Un Rade (1887; Encalminé), souvent considérée comme une "oeuvre à part" (une œuvre distincte), et Là-Bas (1891; The Damned), sont également des romans dans lesquels Huysmans a poursuivi sa quête d'une approche plus spirituelle de la littérature, explorant le monde des rêves en Un Rade et le milieu satanique en Là-Bas. C'est également à ce stade que la littérature et la vie personnelle de Huysmans se sont de plus en plus entrelacées. Par conséquent, la conversion de Huysmans au catholicisme en 1892 pourrait être considérée comme le résultat direct de ses recherches littéraires, d'abord sur le satanisme, puis sur le catholicisme. La fascination de Huysmans pour ces sujets l'a progressivement conduit à embrasser la religion.

Le récit littéraire de la conversion de Huysmans est raconté dans En route (1895), qui fut un succès commercial immédiat et motiva d'autres conversions à l'intérieur et à l'extérieur du pays (bien que certaines personnes aient trouvé sa conversion très suspecte). À partir de ce moment, la religion constitua un thème exclusif dans les écrits de Huysmans ainsi que dans sa vie personnelle. En 1898, peu après la publication de La Cathédrale (La cathédrale), une célébration de la cathédrale de Chartres et un commentaire sur le symbolisme chrétien, Huysmans se retire de la fonction publique, où il avait travaillé pendant plus de trente ans, et se retire à Ligugé, près du monastère bénédictin, pour vivre comme un oblat. Le refuge de Huysmans dans cette «oasis», comme il l'appelait dans son journal, ne dura que deux ans et demi. L'expulsion des moines en 1901 (en raison de la nouvelle loi sur les associations) l'oblige à rentrer à Paris. L'Oblat (L'Oblat de Saint Benoît), publié en 1903, est basé sur les expériences de Huysmans à Ligugé, racontant l'histoire d'une communauté religieuse française au début du siècle.
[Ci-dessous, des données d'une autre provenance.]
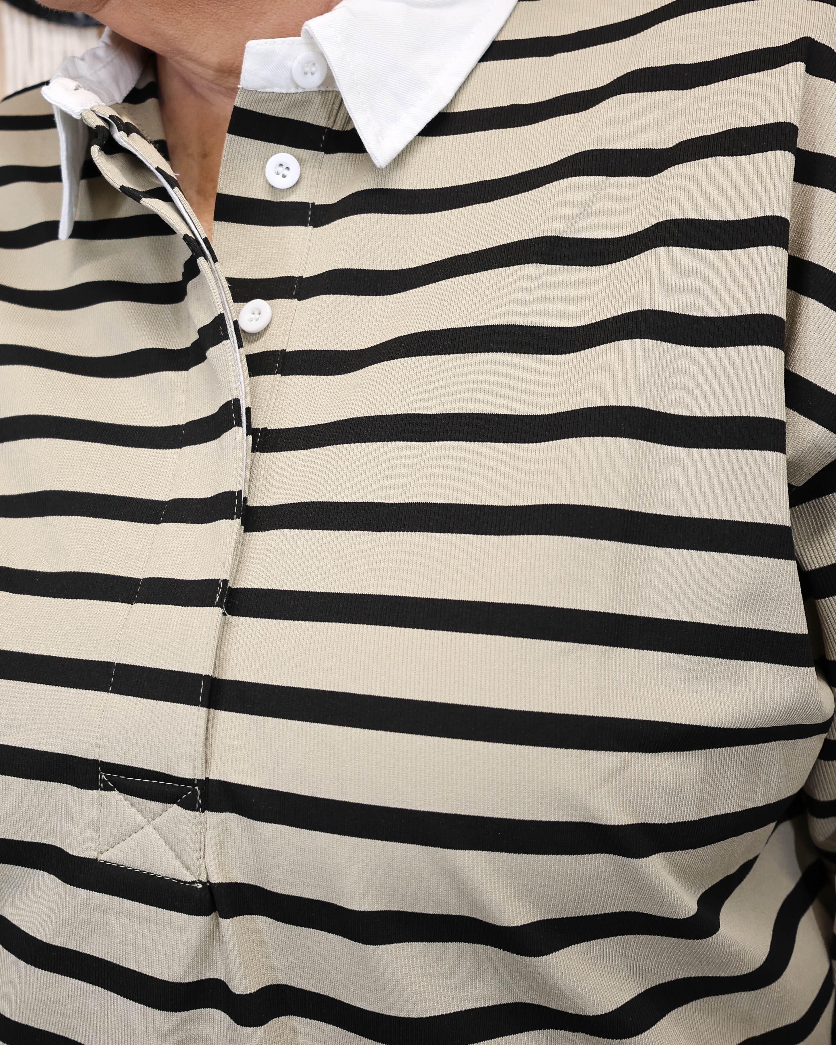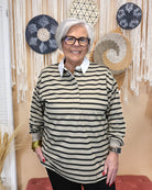 Elevate your everyday wardrobe with this versatile striped pullover that seamlessly transitions from office to weekend. The classic brown and black stripe pattern pairs perfectly with the refined collared neckline and button-front detail, creating a polished look that works harder than it appears. Long sleeves provide coverage and sophistication, while the relaxed pullover fit ensures all-day comfort without sacrificing style. Whether you're heading to a meeting or casual outing, this piece becomes an instant go-to that coordinates effortlessly with your existing basics.

Pendant ce temps, Huysmans avait également publié l'hagiographie d'un saint néerlandais, Sainte Lydwine de Schiedam (1900; Saint Lydwine de Schiedam), et était devenu le premier président de l'Académie Goncourt. Mais lentement, ses problèmes de santé ont pris le dessus sur sa vie, le forçant à rester à l'intérieur et à voyager moins. Un de ses derniers voyages le conduit à Lourdes; Les expériences de Huysmans là-bas sont racontées dans le dernier livre publié de son vivant, Les Foules de Lourdes (1906; Les foules de Lourdes). Peu de temps après avoir été promu au grade d'Officier de la Légion d'honneur, Huysmans décède le 12 mai 1907 des complications d'un cancer de la bouche. Huysmans est peut-être encore connu pour son célèbre chef-d'œuvre décadent, A Rebours, Pourtant, sa réputation ne cesse de croître à mesure que les lecteurs découvrent sa cartographie du déclin du naturalisme et du développement dramatique de la foi religieuse d'un homme.